SRA Standards and Regulations (Mar 19)

The new SRA Standards and Regulations, replacing the current SRA Code of Conduct and other parts of the SRA Handbook, will come into force on 26 November 2019.  We commented on this in our November 2018 issue.  (See https://www.legalrisk.co.uk/publications/)

The SRA has promised guidance.  The problem with guidance is that we know from past experience when changes were introduced in 2009, that it is too easy for the SRA to rely on it in relation to alleged breaches which predate it, by saying that it only reflects what has always been the case.

Meanwhile, the SRA has published an updated enforcement strategy which aims to provide greater clarity about how and when they will take action.   (See www.legalrisk.co.uk/news.)

Cyber (Mar 19)

Much of the debate about cyber insurance has been over whether cover for fines under the General Data Protection Regulation (GDPR) is excluded on public policy grounds.  This is a side issue.  A far greater concern is the impact on the business and its clients, as evidenced by last year’s Financial Conduct Authority £16.4 m fine on Tesco Personal Finance plc (Tesco Bank) for failing to exercise due skill, care and diligence in protecting its personal current account holders against a cyber attack.

Two ongoing claims against insurers cause concern about whether insurers will pay out on cyber policies in the event of a claim.  We defer detailed comment as the cases are still pending, save that one in issue, in at least one of these cases, appears to be whether a cyber attack attributed to hostile nation state activity falls within an exclusion for ‘act of war’.

We appreciate that insurance insurers should only have to pay out for the cover they have agreed, and been paid, to provide, and this is particularly so where an insured may be trying to shoehorn a cyber claim into a policy which was not intended to provide cyber cover.

However, if there is to be widespread take up of cyber insurance, and it is in the public interest that there should be, so as to enlarge the pool from which claims can be paid, we need to see reports of cyber insurers paying out on claims and the businesses they have saved.  At present, those reports are few and far between.

Data Protection (Mar 19)

The European Data Protection Board have published Opinion 5/2019 on the interplay between the ePrivacy Directive and the GDPR, in particular regarding the competence, tasks and powers of data protection authorities.

The Advocate General of the Court of Justice of the European Union has issued an Opinion on cookie consent.  In addition to opining, unsurprisingly, that pre-ticked boxes were inadequate for obtaining consent, the Advocate General declared that information should be provided on the duration of the cookies, whether third parties are given access to cookies, and, if so, the identity of the third parties.  See Planet49 GmbH v Bundesverband der Verbraucherzentralen und Verbraucherverbände – Verbraucherzentrale Bundesverband e.V.

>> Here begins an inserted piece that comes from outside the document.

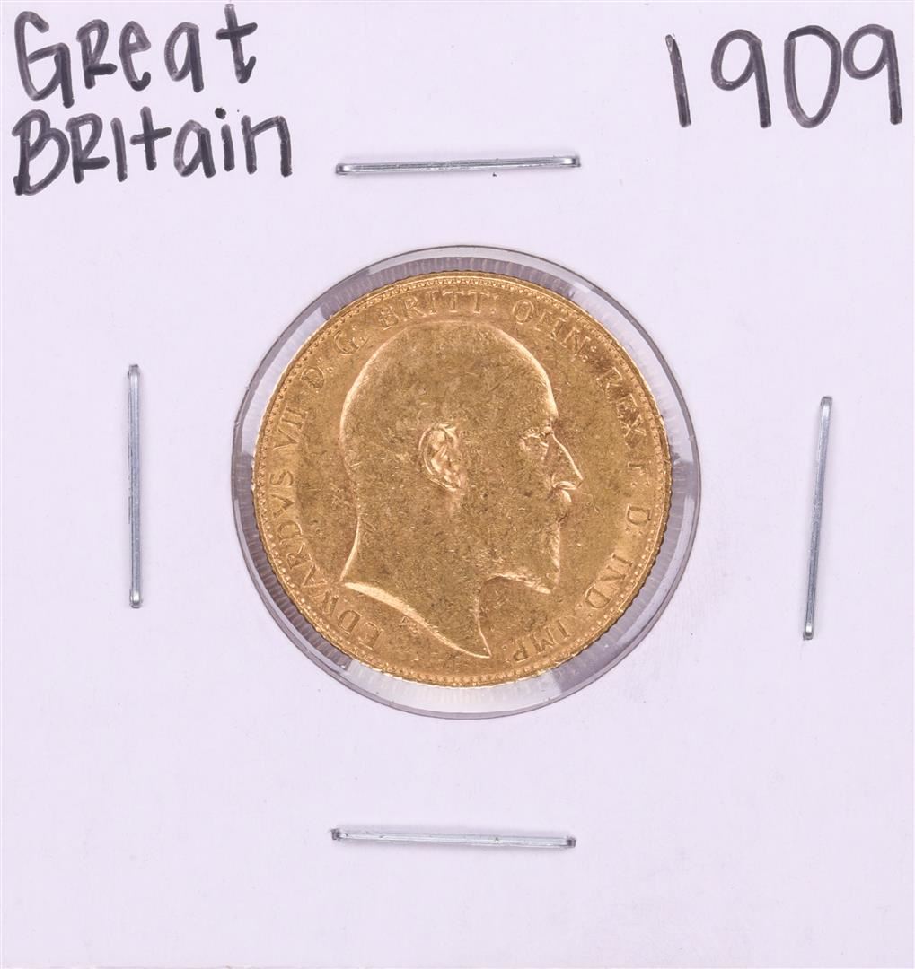 One 1909 Great Britain Sovereign Gold Coin.

HM Government has published guidance, Using personal data after Brexit. A Californian court has ordered discovery of documents despite a GDPR-based objection: see Finjan, Inc. v. Zscaler, Inc.

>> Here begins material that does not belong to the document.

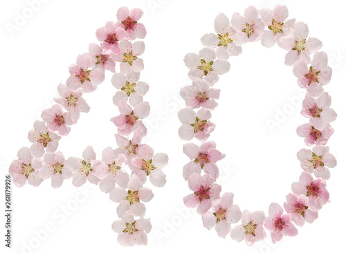 Numeral 40, forty, from natural pink flowers of peach tree, isolated on white background

Links to the above documents are on www.legalrisk.co.uk/news.

Finally on this topic, The Times reported on 26 March 2019 that 2,940 data security incidents were logged by the Ministry of Justice last year.  Litigation practitioners may care to spare a thought before including excessive copies of medical and employment records in multiple court bundles: who knows what becomes of them?

Conflicts of Interest (Mar 19)

Client-imposed terms through outside counsel guidelines are an ever-growing concern, particularly as they may widen the scope of individuals and entities against whom the firm agrees not to act.  The risk is enhanced because terms may be imposed through the ‘back door’ through e-billing arrangements which lead to accounts staff inadvertently accepting changed terms of business.

The case of Falk Pharma GMBH v. Generico, LLC 2019 WL 692670 (Fed. Cir. Feb. 20, 2019) demonstrates that the risk is not purely theoretical.  The court disqualified lawyers from acting against a client’s ‘affiliates’.  However, given that the company in question was a subsidiary of the client with which it shared a legal department, the result is perhaps not too surprising. See www.legalrisk.co.uk/conflicts.